- Opening Delimiter -

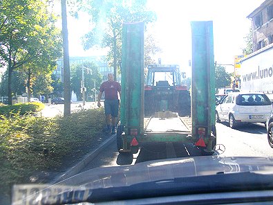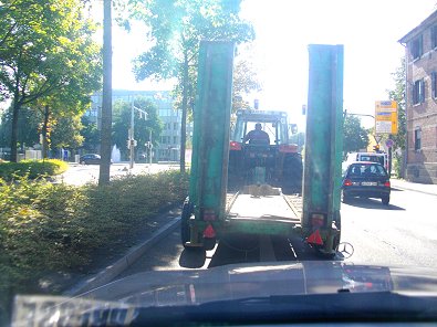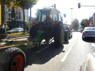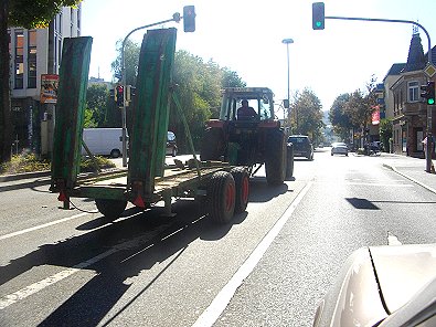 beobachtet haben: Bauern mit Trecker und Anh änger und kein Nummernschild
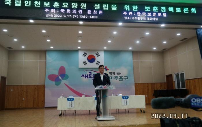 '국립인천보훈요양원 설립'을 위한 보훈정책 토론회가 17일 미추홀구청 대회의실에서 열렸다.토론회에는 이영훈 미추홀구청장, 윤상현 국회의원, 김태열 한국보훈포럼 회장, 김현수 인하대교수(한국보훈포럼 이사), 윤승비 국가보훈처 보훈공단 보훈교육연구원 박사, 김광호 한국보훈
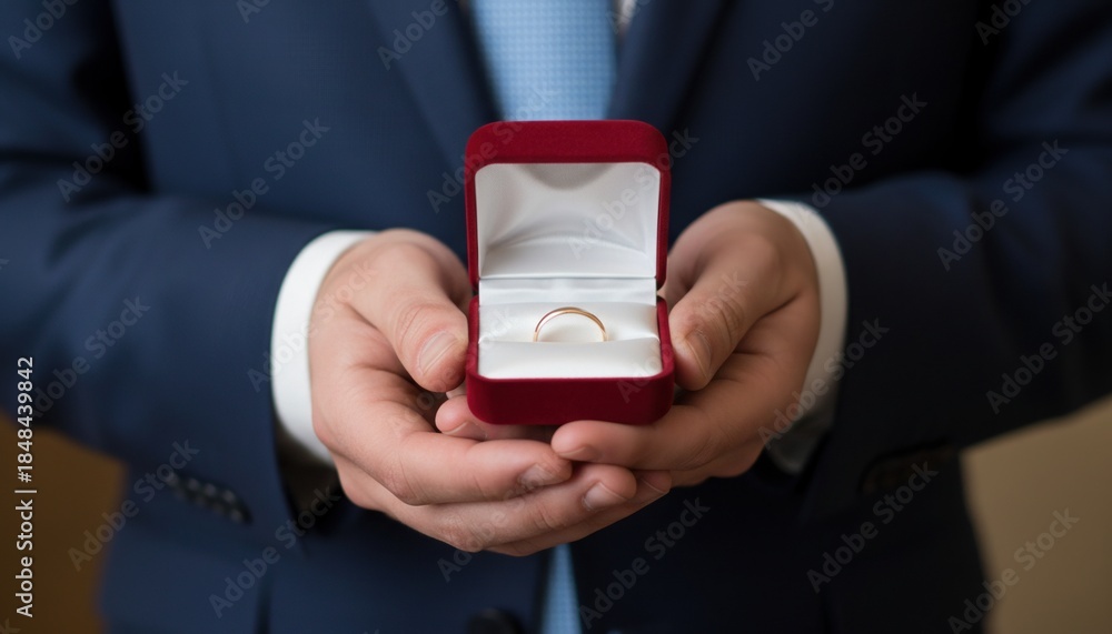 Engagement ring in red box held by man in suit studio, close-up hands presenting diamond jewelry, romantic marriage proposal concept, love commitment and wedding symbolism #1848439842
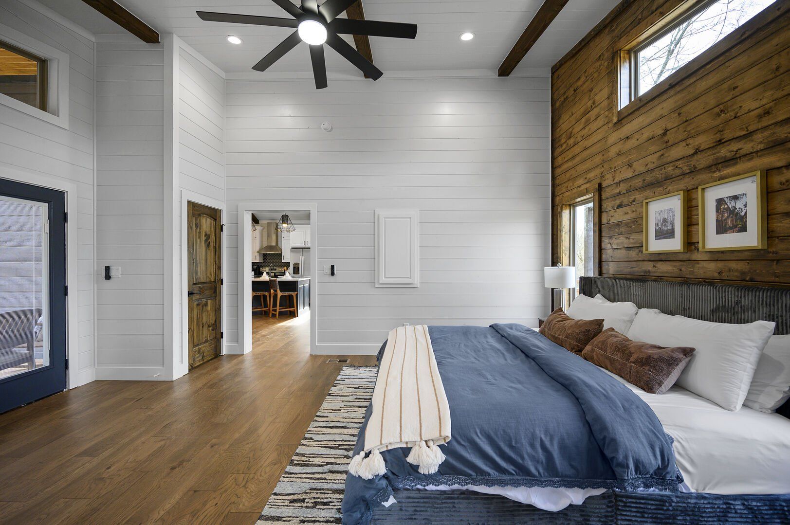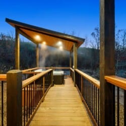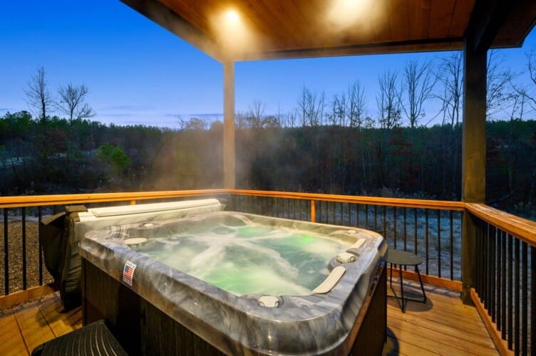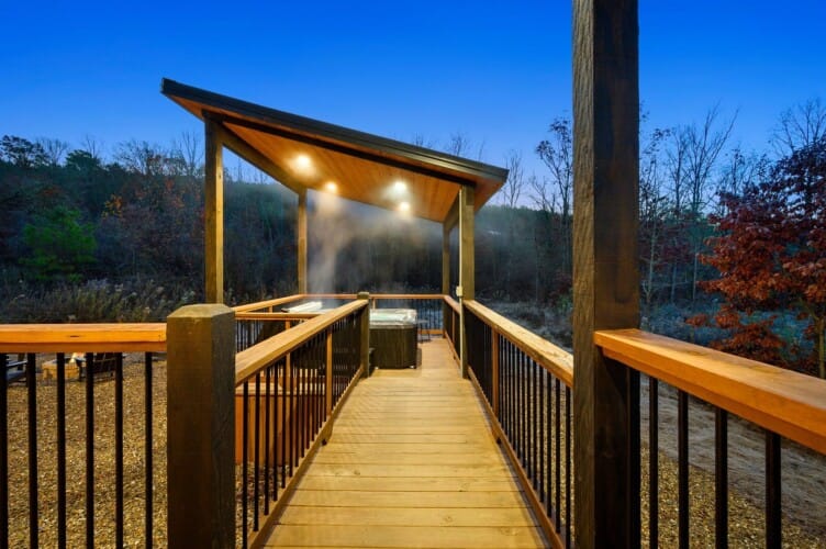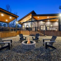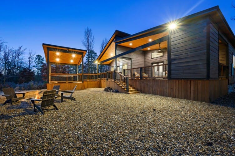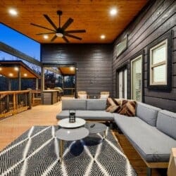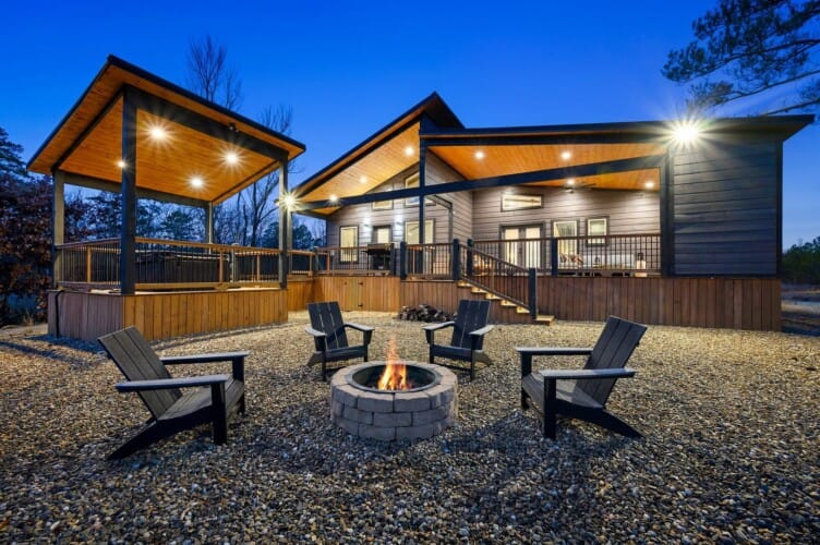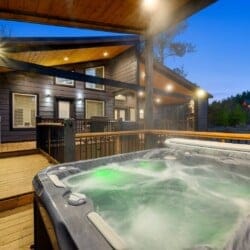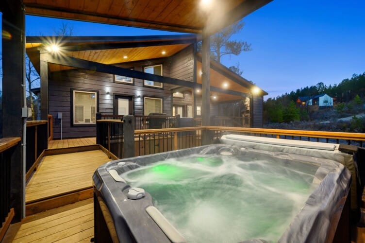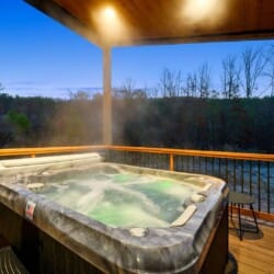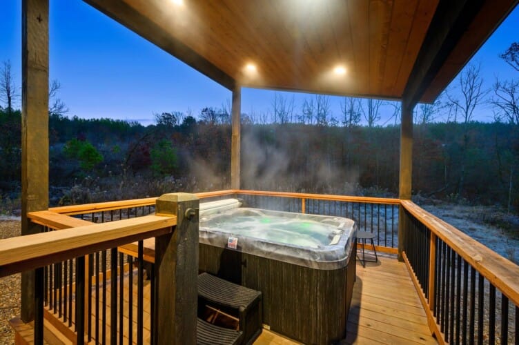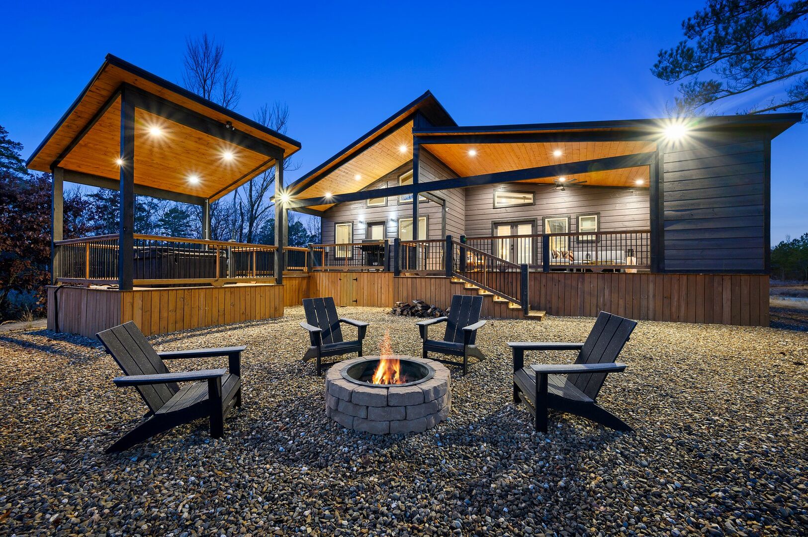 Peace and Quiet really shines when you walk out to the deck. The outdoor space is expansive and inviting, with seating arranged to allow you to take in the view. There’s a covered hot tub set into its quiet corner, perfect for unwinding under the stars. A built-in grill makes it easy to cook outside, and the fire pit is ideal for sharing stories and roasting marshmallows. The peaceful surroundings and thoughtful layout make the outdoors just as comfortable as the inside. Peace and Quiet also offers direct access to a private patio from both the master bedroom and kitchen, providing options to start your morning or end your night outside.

- Closing Delimiter -
- Opening Delimiter -

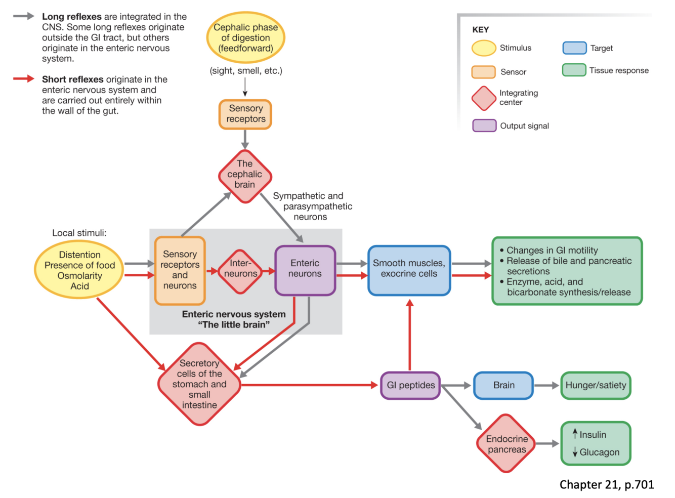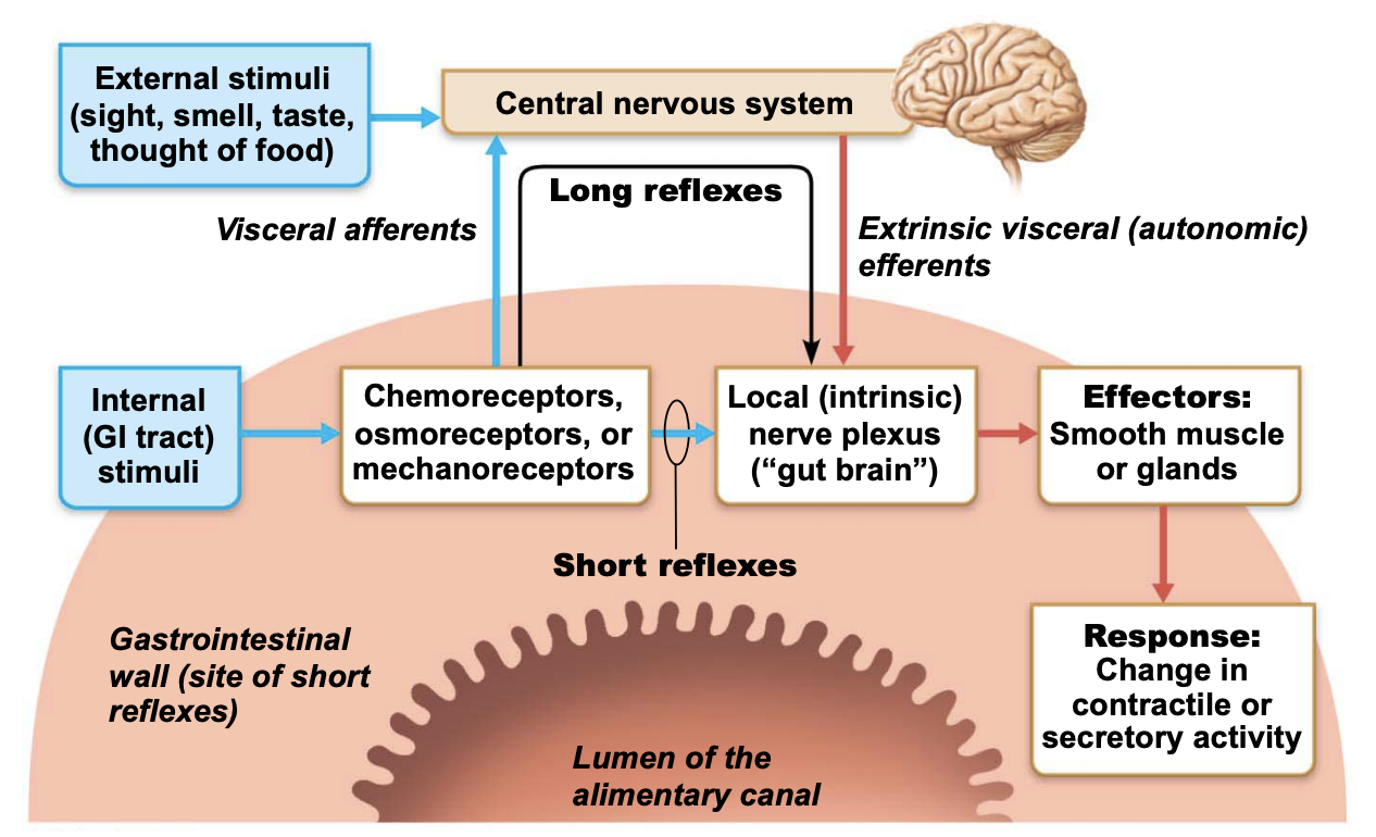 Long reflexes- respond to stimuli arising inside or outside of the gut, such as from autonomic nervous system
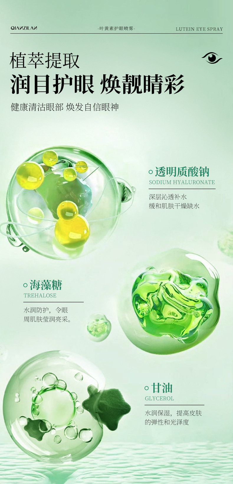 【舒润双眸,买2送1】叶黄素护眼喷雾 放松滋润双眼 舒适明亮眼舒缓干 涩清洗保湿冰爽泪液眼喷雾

- Closing Delimiter -

◆ WORK ORDER:
Given the records above, return the lines starting at the one that holds "beobachtet haben: Bauern" and ending at the one that holds "박사, 김광호 한국보훈", exactly, and nothing besides; leave every picture out.

◆ OUTPUT FOR THIS TASK:
 beobachtet haben: Bauern mit Trecker und Anh änger und kein Nummernschild
 '국립인천보훈요양원 설립'을 위한 보훈정책 토론회가 17일 미추홀구청 대회의실에서 열렸다.토론회에는 이영훈 미추홀구청장, 윤상현 국회의원, 김태열 한국보훈포럼 회장, 김현수 인하대교수(한국보훈포럼 이사), 윤승비 국가보훈처 보훈공단 보훈교육연구원 박사, 김광호 한국보훈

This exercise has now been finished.